In accordance with this aspect of the disclosed technology, the step of identifying may comprise identifying one or more time slices of data associated with a dimension.
In accordance with this aspect of the disclosed technology, the step of generating quality annotations may comprise generating a correctness metric using eqn. (1).
In accordance with this aspect of the disclosed technology, the step of generating quality annotations may comprise generating a completeness metric using eqn. (2).
In accordance with this aspect of the disclosed technology, the step of generating quality annotations may comprise generating a freshness metric using eqn. (3).
In accordance with this aspect of the disclosed technology, the method may comprise transforming the clean data into business data. In addition, identifying may comprise identifying one or more slices of data associated with a dimension and outputting the one or more slices of data and the quality score to a user interface. Further, outputting may comprise outputting one or more of the collected quality annotations to the user interface.

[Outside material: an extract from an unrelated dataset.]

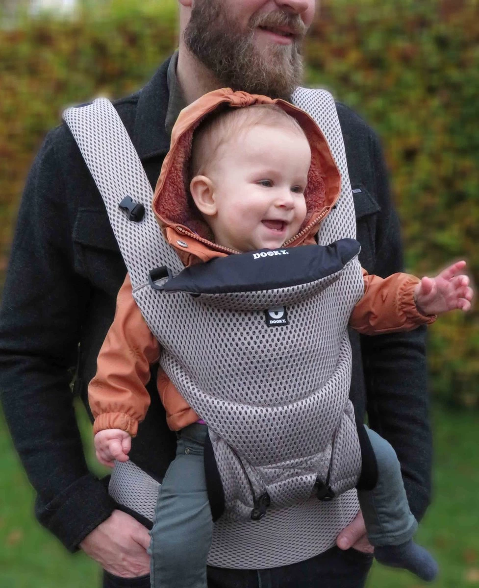 De Dooky draagzak ziet er niet alleen trendy uit, je baby zit er ook op de juiste, ergonomische M-positie in, met de knietjes hoger dan de billetjes. Zowel de zitting als de beensteuntjes zijn verstelbaar. Hij is gemaakt van 3D ademend meshstof voor een uitstekende ventilatie.

An aspect of the disclosed technology may comprise a system. The system may comprise a first computing device that cleanses a stream of input data to produce clean data and a first set of quality annotations; a second computing device that generates a second set of quality annotations from the clean data, the quality annotations comprising parameters associated with correctness, completeness, and freshness; and a third computing device coupled to the first computing device and second computing device, the third computing device configured to: collect the first and second set of quality annotations, generate a quality score based on the collected quality annotations, and identify problematic data associated with the input data based on the quality score.
In accordance with this aspect of the disclosed technology, the third computing device may identify problematic data by identifying one or more time slices of data associated with a dimension.
In accordance with this aspect of the disclosed technology, the second computing device may generate quality annotations by generating a correctness metric using eqn. (1).
In accordance with this aspect of the disclosed technology, the second computing device may generate quality annotations by generating a completeness metric using eqn. (2).
In accordance with this aspect of the disclosed technology, the second computing device may generate quality annotations by generating a freshness metric using eqn. (3).
In accordance with this aspect of the disclosed technology, the second computing device may transform the clean data into business data. In addition, the third computing device may identify problematic data by identifying one or more slices of data associated with a dimension and outputting the one or more slices of data and the quality score to a user interface. Further, outputting may comprise outputting one or more of the collected quality annotations to the user interface.
An aspect of the disclosed technology is a mechanism that flags and detects inaccurate, problematic, or bad data, annotates the data with automatically-generated metadata that may then be provided to end users (e.g., resource managers, service owners, finance analysts, data scientists, executives, etc.) via an application stack. The automatic annotations comprise quality annotations that are based on data freshness, correctness, and/or completeness metrics.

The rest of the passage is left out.